Python combat: Beautiful picture downloader, a huge picture of you download

Source: Internet
Author: User
Tags python web crawler

Python applications are now in full swing with a wide range of applications. Fast access to the top of the programming language rankings due to its rapid development and high efficiency. This series of articles is dedicated to a comprehensive and systematic introduction of Python language development knowledge and related knowledge summaries. I hope you can get started quickly and learn the language of Python.
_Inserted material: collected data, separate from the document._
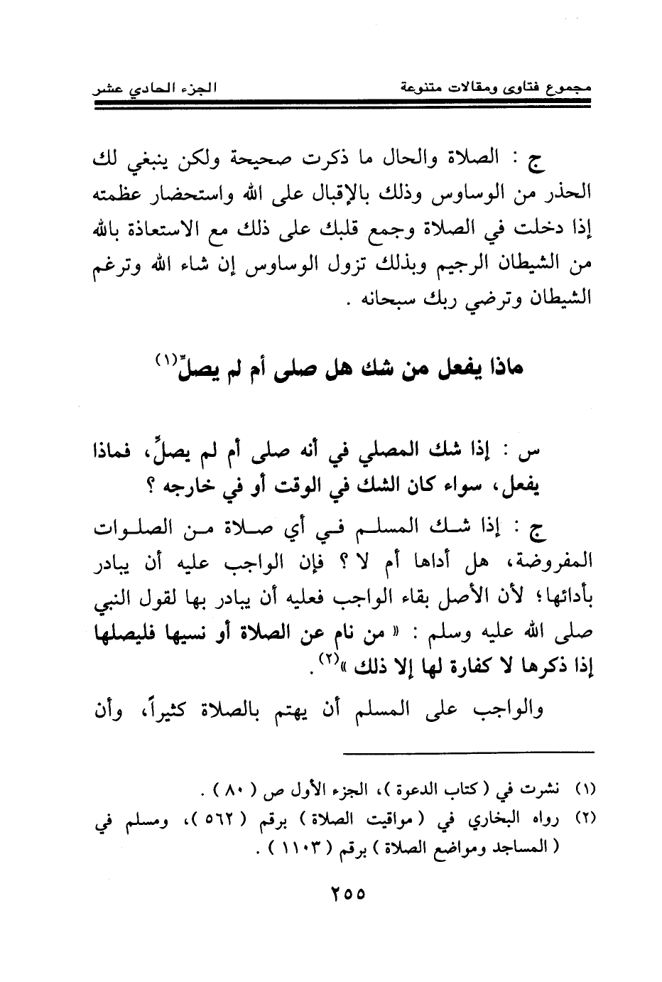 ماذا يفعل من شك هل صلى أم لم يصل (¬1)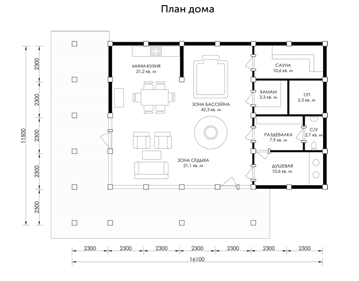 Одноэтажный загородный дом в стиле Фахверк станет уютным домом для Ваших гостей или прекрасным компактным решением для постоянного проживания. При разработке проекта мы предусмотрели установку финской сауны. Все в этом проекте говорит о счастливой загородной жизни вашей семьи и гостей. Терраса вокруг дома отлично подходит для прекрасного отдыха на лоне природы.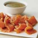 Uncover the salmon and scrape off the lemon slices and most of the peppercorn mixture. Using a thin, sharp knife, cut the salmon on the diagonal into very thin slices. Lift the slices from the skin and arrange on a serving platter. The salmon may be sliced up to 6 hours ahead and refrigerated, tightly covered, until serving. Garnish with lemon slices and serve with the sauce. Serves 10 to 12.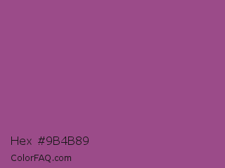 Hex #9b4b89 Color is a normal magenta color and the nearest color is Razzmic Berry #8d4e85. Hex code #9b4b89 and RGB value is rgb(155,75,137). In RGB color space, this color is composed of 61% red, 29% green, 54% blue, In CMYK color space, this color is composed of 0% cyan, 52% magenta, 12% yellow , 39% black , In HSL color space, this color has a hue angle of 314° , 35% saturation and 45% lightness.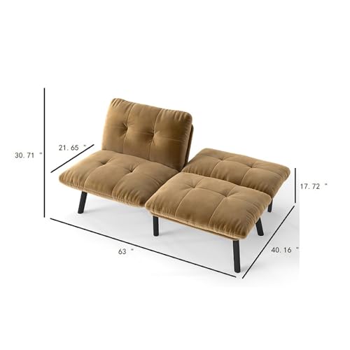 Futon Sofa Bed Velvet Futon Couch with Adjustable Backrest, 63" Convertible Folding Sleeper Sofa Bed, Modern Loveseat for Small Space Living Room Bedroom Apartment (Black)(Brown)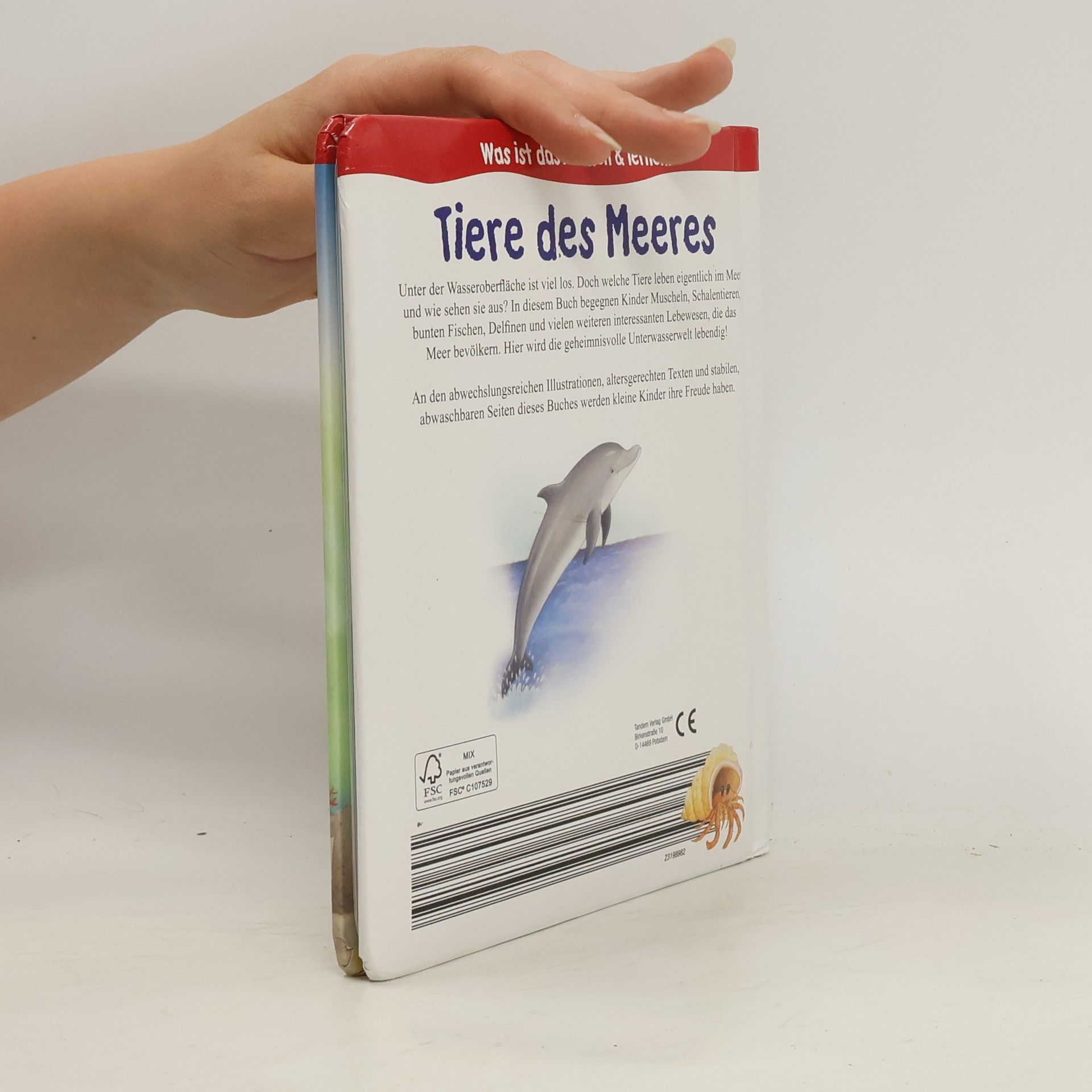 Unter der Wasseroberfläche ist viel los. Doch welche Tiere leben eigentlich im Meer und wie sehen sie aus? In diesem Buch begegnen Kinder Muscheln, Schalentieren, bunten Fischen, Delfinen und vielen weiteren interessanten Lebewesen, die das Meer bevölkern. Hier wird die geheimnisvolle Unterwasserwelt lebendig! An den abwechslungsreichen Illustrationen, altersgerechten Texten und stabilen, abwaschbaren Seiten dieses Buches werden kleine Kinder ihre Freude haben.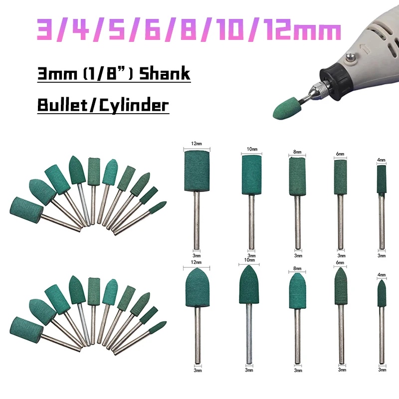 5/10Pcs Rubber Abrasive 1/8'' 3mm Shank Grinding Head for Mold Metal Polishing Dremel Rotary Tools 3mm/4/mm5mm/6mm/8mm/10mm/12mm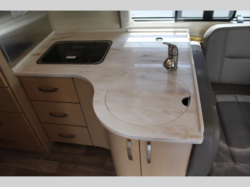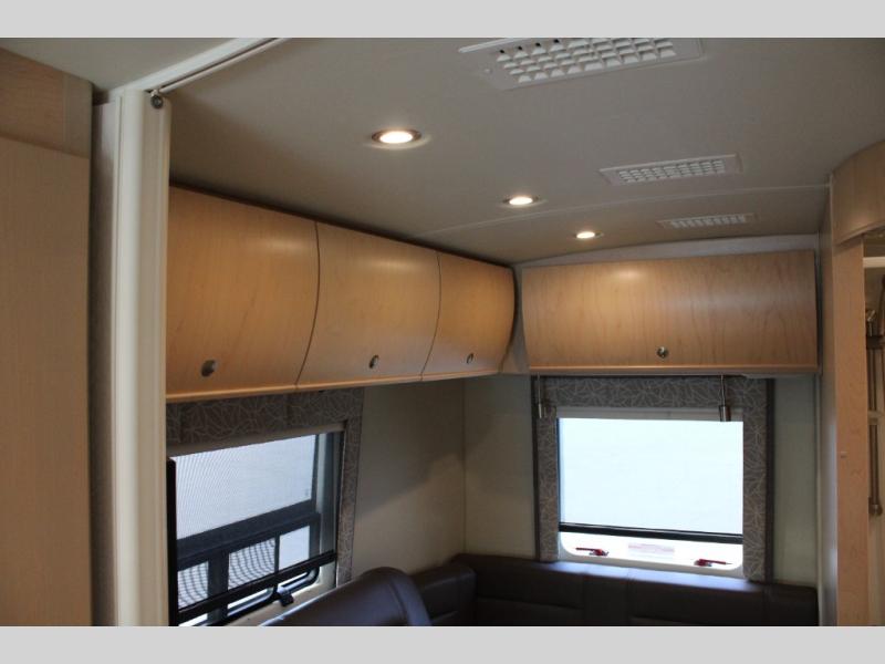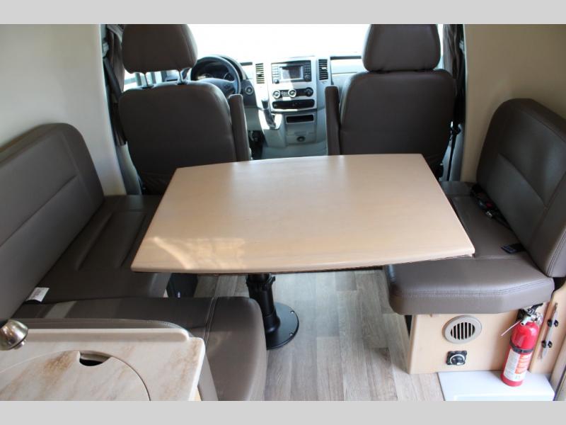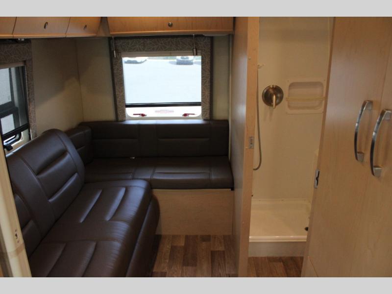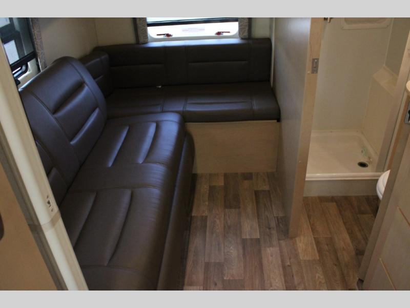 You will enjoy plenty of seating with a belted chair to the right of the door, the passenger and driver seats swivel to the back when parked, and there is an L-shaped bench behind the driver's seat for plenty of space to enjoy meals and conversation with a pedestal table between.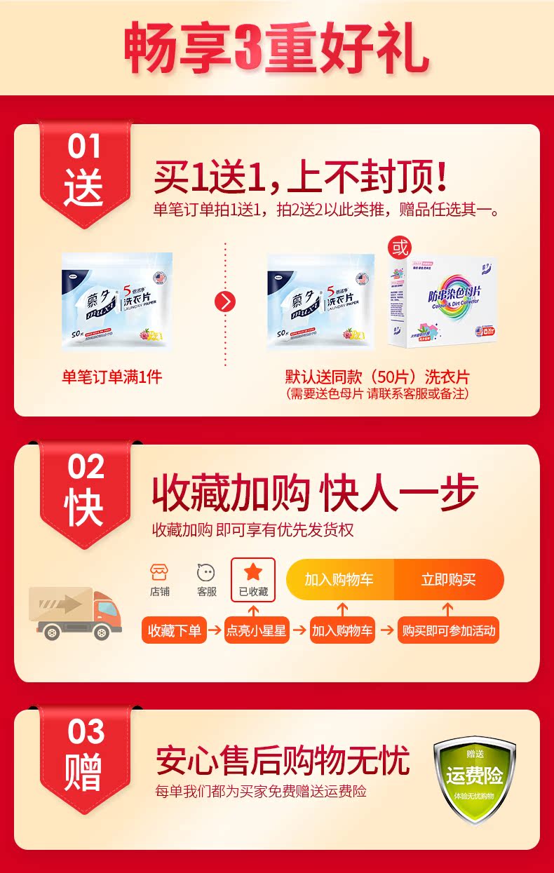 【买二送一!共发150片!】一片能洗一桶衣服,牡丹香型!不是无味哦!每盒50片,低泡无磷洗衣片,无荧光剂,强力去污,深层洁净,植物提取精华,温和不伤手~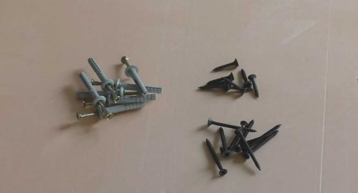 Крепёж: дюбель-гвозди 6х40, саморезы 2,5 и 4,5 см.

This article is based on Python in the previous part of Python combat: Python crawler Learning tutorial, get the movie leaderboard, again upgrade the Python web crawler Combat course.

1. Project Overview.

The use of XPath and requests module for Web page crawl and analysis, to achieve the effect of Web page image download.

Grab and crawl pictures address: http://www.2cto.com/meinv/

Development environment: Python 2.7, Pycharm 5 Community

Required Knowledge: Artifact XPath, requests module, Python basic syntax.

2. Introduction and installation of the required modules

    1. Xpath

      1. Description: XPath is actually a language that can be used to find and extract information in XML through the attributes of an element. It supports HTML.

      2. Simpler than regular expressions. More powerful

      3. Installation: Download the lxml library for installation operations. : http://www.lfd.uci.edu/~gohlke/pythonlibs/#lxml. Download the corresponding version of lxml

      4. Open Library Directory Run command to install

        1. After the download is complete, please change the suffix name WHL to zip.

        2. Unzip the file to put the lxml folder in the Python installation directory of the Lib folder.

    2. Requests Module Installation

      1. For detailed installation steps see: Python Combat: Python crawler learning tutorial for requests installation in the movie leaderboard.

3.Xpath extract Find content in detail:

Language is no exception, XPath also has a certain syntax.

Locating the root node

/down Level Search

/text () Extract text content

/@xxx Extract Attribute Contents

4. Project Principal Code

  1. From lxml import etree

  2. selector = etree. HTML (Web page source code)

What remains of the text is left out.